Стекло заливал поток багрового солнечного света. На какое-то мгновение мне показалось, что окно охвачено пламенем. Я вынужден был отвести взгляд. Когда солнечный свет чуть померк, я оглянулся и — замер.
Занавески на окне были в клочья изодраны. Словно какой-то зверь острыми когтями разорвал их на тонкие полосы.
4
— Ханна, ты видела? — крикнул я, не в силах оторвать глаз от разорванной в клочья занавески.
Она стояла на дорожке, скрестив руки на груди и прислонившись спиной к стене дома тети и дяди.
— Даже подходить не хочу, — негромко отозвалась она.
— Но ты посмотри на занавески… — начал я.
— Я же тебе говорила, что это чудные люди, — резко возразила Ханна. — И они не любят, когда заглядывают в их окна. Пошли, Алекс.
Я пошел прочь, но зацепился ногой о доску полусгнившего крыльца и чуть не упал.
— Так мы идем в лес или нет? — нетерпеливо спросила Ханна.
— Ну ладно. — Я выбрался с крыльца и пошел вслед за ней. — Расскажи мне о Марлингах, — попросил я, бегом догоняя ее. — Расскажи мне эти ужасные истории, которые ты слышала о них.
— Не хочу, — глуховатым голосом заявила Ханна.
Мы побежали трусцой к заднему двору дядиного и тетиного дома. Предвечернее солнце стояло низко, и высокие деревья с красной и желтой листвой отбрасывали тень на лужайку.
— Ну пожалуйста, — просил я.
— Может, потом, после Хэллоуина, — сказала Ханна. — Когда кончится полнолуние.
Я вслед за ней поднял глаза к небу. Ярко-белая луна — круглая, почти как теннисный мячик — вставала над лесом, хотя до вечера было еще далеко.
Ханна передернула плечами.
— Ненавижу полнолуние, — проговорила она. — По мне лучше, когда луна идет на убыль.

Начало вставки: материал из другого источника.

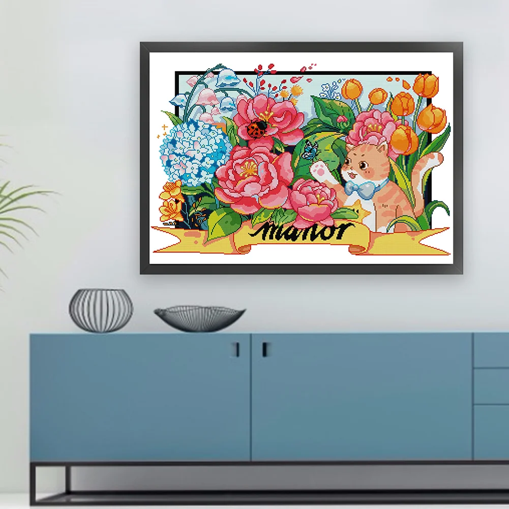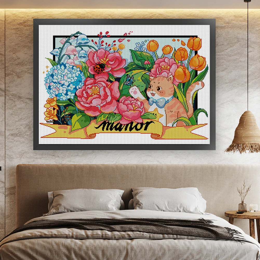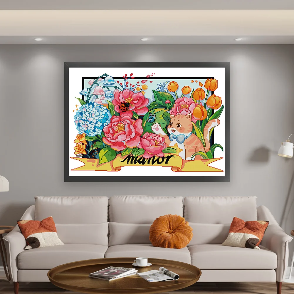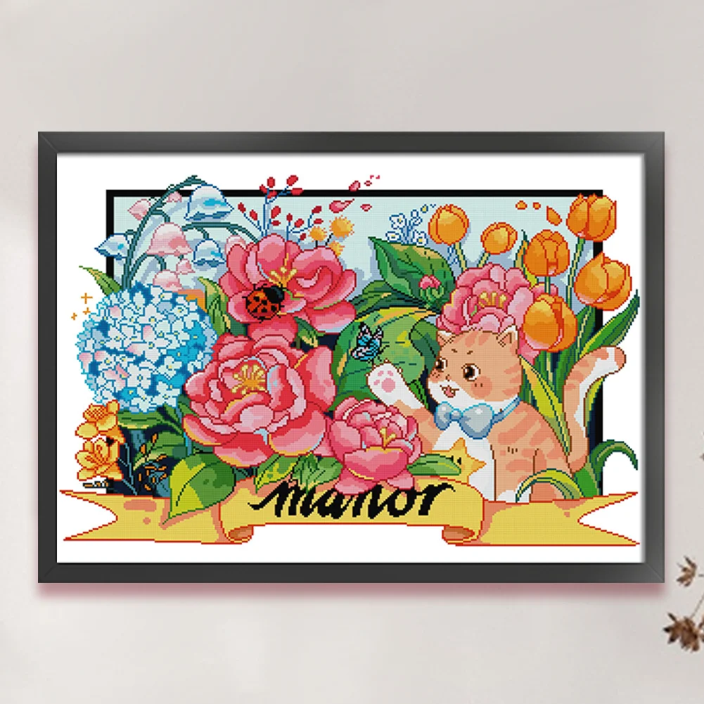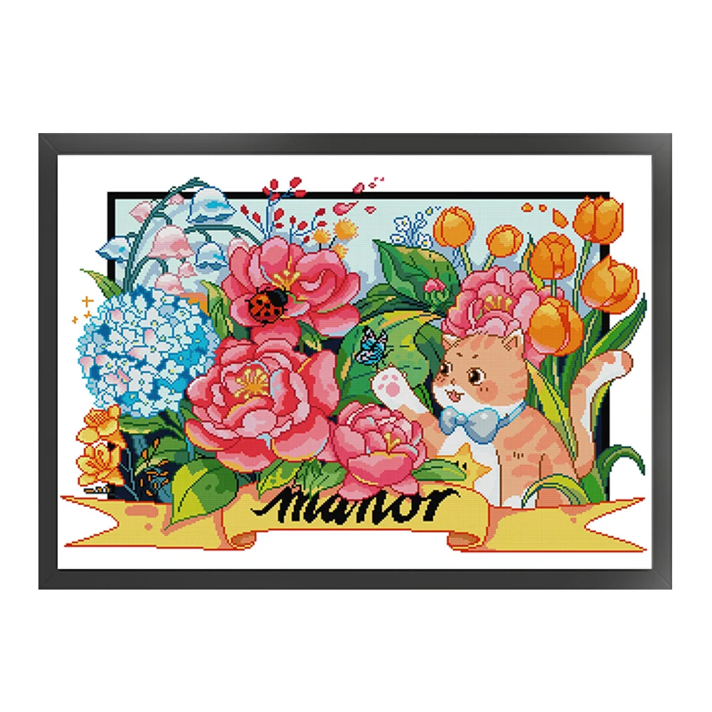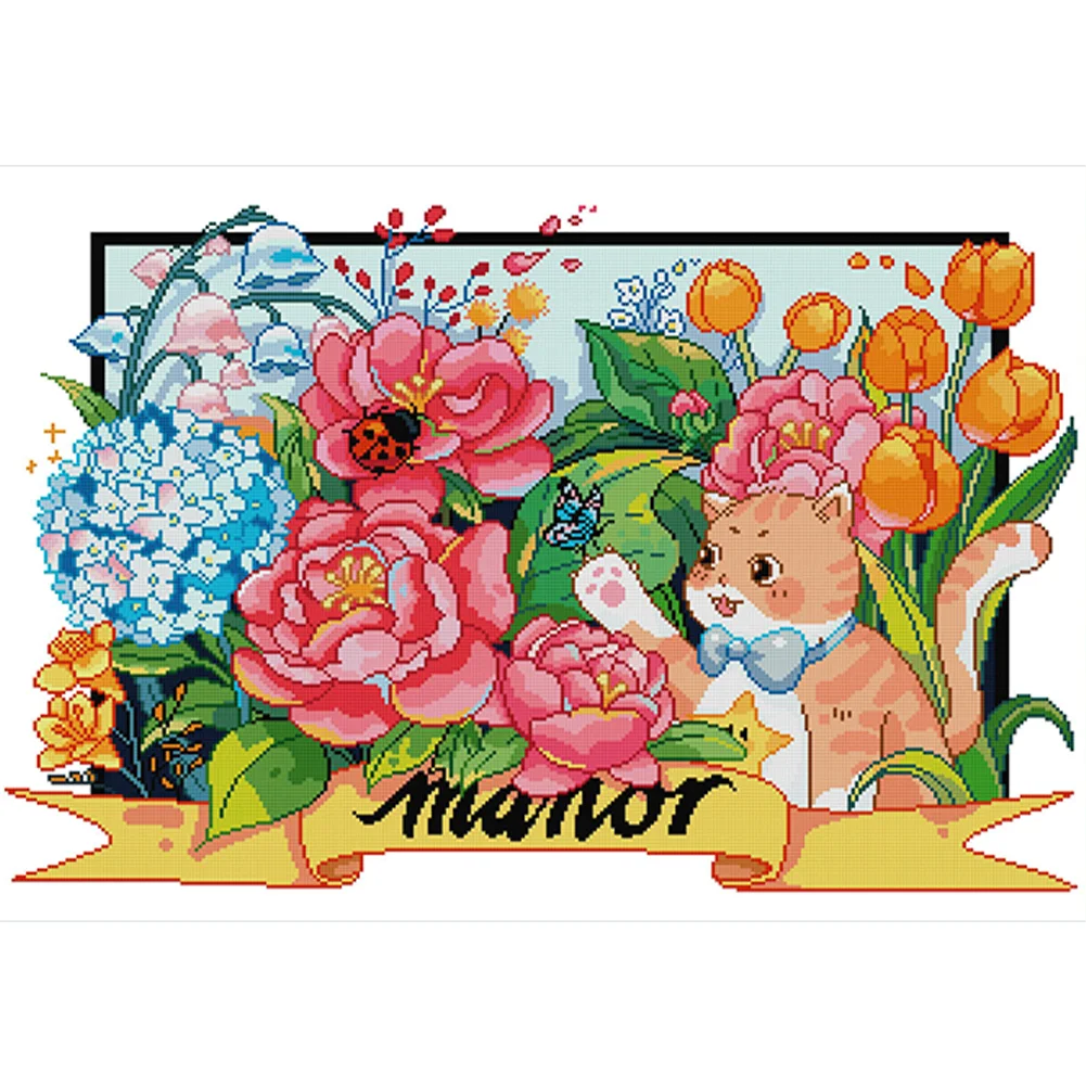 [JOY SUNDAY] -14CT Partial Stamped Cross Stitch Kit - Cat (63*49CM)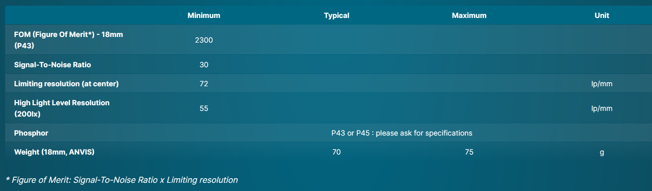 The 4G+ image intensifier tubes meet the stringent requirements of modern warfare at night to deliver end-users a very high performance in all field conditions. The 4G+ technology offers extended bandwidth for high image quality on all theatres of operation, a very fast auto-gating and a small halo providing more details around light sources. Thanks to a very high Figure Of Merit (FOM) and extended sensitivity, operators benefit from the best possible range in all types of environment.

— Почему? — спросил я. — Подумаешь, полнолуние, ну и что?
Она бросила взгляд назад на дом Марлингов и ничего не ответила.
Мы вошли в лес. Солнечные лучи пробивались сквозь кроны деревьев, золотыми потоками изливаясь на землю. Мы шли, шурша опавшими листьями и веточками.
Я увидел причудливо изогнутое старое дерево, напоминавшее старика. Грубая потрескавшаяся кора была как морщинистая кожа. Жилистые корни выпирали из земли.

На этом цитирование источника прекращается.